Sounds to me like there's a bug when ia extends across a stack page boundary, which would mean this is hard to reproduce—for starters, where the stack page boundaries are depends on your environment variables, or used to. Stack layout randomization should also mean this bug isn't reproducible unless that has been disabled.
If I'm right, printf("%p %p\n", ia, ia+SIZE);, inserted anywhere in the program, should produce two hex numbers that differ in the fourth-to-last digit.
Sounds to me like there's a bug when ia extends across a stack page boundary, which would mean this is hard to reproduce
Interesting. Looks like ASLR is enabled on my system:
$ cat /proc/sys/kernel/randomize_va_space
2
what makes you think that is the problem? Is rr known to have trouble with this? Considering that I can reproduce the problem across multiple runs, It would seem odd for this to be the issue.
If I'm right,
printf("%p %p\n", ia, ia+SIZE);, inserted anywhere in the program, should produce two hex numbers that differ in the fourth-to-last digit.
I tried doing this with SIZE being 96 and got 0x7fffe91a6000 0x7fffe91a6180. With SIZE being 97 I got 0x7fff46655560 0x7fff466556e4. No differences in the fourth-to-last digit in either.
What assembly does gcc generate for that loop? The REP prefixes are tricky to get right, it's possible you found another bug in our handling of them.
Here is the relevant snipped from the versions compiled with 96 and 97:
96:
printf("begin\n");
40059c: bf b4 06 40 00 mov $0x4006b4,%edi
4005a1: e8 aa fe ff ff callq 400450 <puts@plt>
for (i = 0; i < SIZE; ++i) {
4005a6: c7 85 74 fe ff ff 00 movl $0x0,-0x18c(%rbp)
4005ad: 00 00 00
4005b0: eb 1c jmp 4005ce <main+0x51>
ia[i] = some_number;
4005b2: 8b 85 74 fe ff ff mov -0x18c(%rbp),%eax
4005b8: 48 98 cltq
4005ba: 8b 95 78 fe ff ff mov -0x188(%rbp),%edx
4005c0: 89 94 85 80 fe ff ff mov %edx,-0x180(%rbp,%rax,4)
int i = 0;
int some_number = 1234;
printf("begin\n");
for (i = 0; i < SIZE; ++i) {
4005c7: 83 85 74 fe ff ff 01 addl $0x1,-0x18c(%rbp)
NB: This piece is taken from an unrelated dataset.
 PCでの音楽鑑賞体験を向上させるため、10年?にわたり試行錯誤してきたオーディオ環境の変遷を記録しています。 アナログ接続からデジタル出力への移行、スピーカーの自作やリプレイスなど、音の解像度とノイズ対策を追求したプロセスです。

4005ce: 83 bd 74 fe ff ff 5f cmpl $0x5f,-0x18c(%rbp)
4005d5: 7e db jle 4005b2 <main+0x35>
ia[i] = some_number;
}
result = ia[SIZE-10];
4005d7: 8b 45 d8 mov -0x28(%rbp),%eax
4005da: 89 85 7c fe ff ff mov %eax,-0x184(%rbp)
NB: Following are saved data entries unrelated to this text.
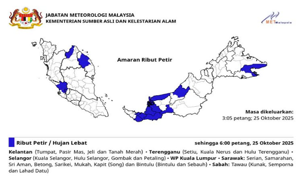 KUALA LUMPUR, 25 Oktober -Ribut petir, hujan lebat dan angin kencang diramal melanda beberapa kawasan di Kelantan, Terengganu, Selangor, Kuala Lumpur, Sarawak dan Sabah hingga 6.00 petang ini.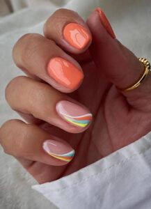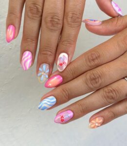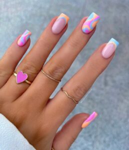 These groovy pastel swirls look straight from the ’60s. Nude nails with two-tone French tips sit next to bright swirled designs in blues, oranges, and pinks. Fun, nostalgic, and ideal for retro lovers.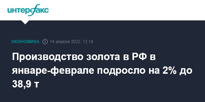 Москва. 14 апреля. INTERFAX.RU - Производство золота в России в январе-феврале 2022 года составило 38,9 тонны, сообщил Минфин со ссылкой на данные о поставках сырья на российские аффинажные заводы.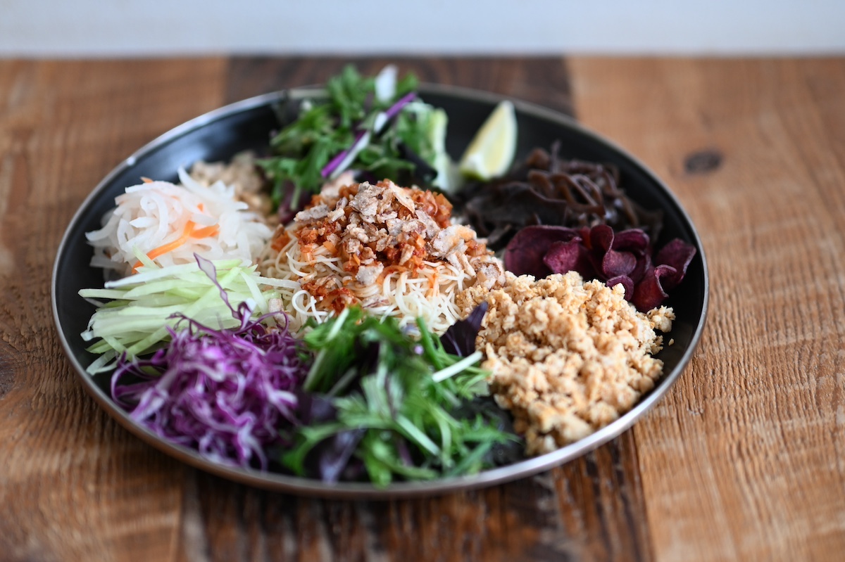 「四万十鶏そぼろと季節野菜のピリ辛和え麺」(1600円)は高知県産野菜の鮮やかさを全面に出したい!と、10種の素材を盛り込み、彩り・ボリューム共に満点の一皿に仕上がっている。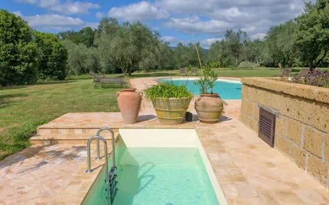 The property is situated in a secluded and quiet position, 50 m from the edge of the forest and 60 km from the sea. Nearby attractions include Sovana (11 km), Saturnia (34 km), Orvieto (49 km), Viterbo (54 km), Val d'Orcia (40 km), and the well-known Lake Bolsena (25 km). For outdoor enthusiasts, mountain biking paths are available 1.5 km away, and a sandy beach "Albinia" is 65 km from the property. Please note that a car is recommended for your stay.

printf("result = %d\n", result);
4005e0: 8b 85 7c fe ff ff mov -0x184(%rbp),%eax
4005e6: 89 c6 mov %eax,%esi
4005e8: bf ba 06 40 00 mov $0x4006ba,%edi
4005ed: b8 00 00 00 00 mov $0x0,%eax
4005f2: e8 69 fe ff ff callq 400460 <printf@plt>
97:
printf("begin\n");
40059c: bf b4 06 40 00 mov $0x4006b4,%edi
4005a1: e8 aa fe ff ff callq 400450 <puts@plt>
for (i = 0; i < SIZE; ++i) {
4005a6: c7 85 64 fe ff ff 00 movl $0x0,-0x19c(%rbp)
4005ad: 00 00 00
4005b0: eb 1c jmp 4005ce <main+0x51>
ia[i] = some_number;
4005b2: 8b 85 64 fe ff ff mov -0x19c(%rbp),%eax
4005b8: 48 98 cltq
4005ba: 8b 95 68 fe ff ff mov -0x198(%rbp),%edx
4005c0: 89 94 85 70 fe ff ff mov %edx,-0x190(%rbp,%rax,4)
int i = 0;
int some_number = 1234;
printf("begin\n");
for (i = 0; i < SIZE; ++i) {
4005c7: 83 85 64 fe ff ff 01 addl $0x1,-0x19c(%rbp)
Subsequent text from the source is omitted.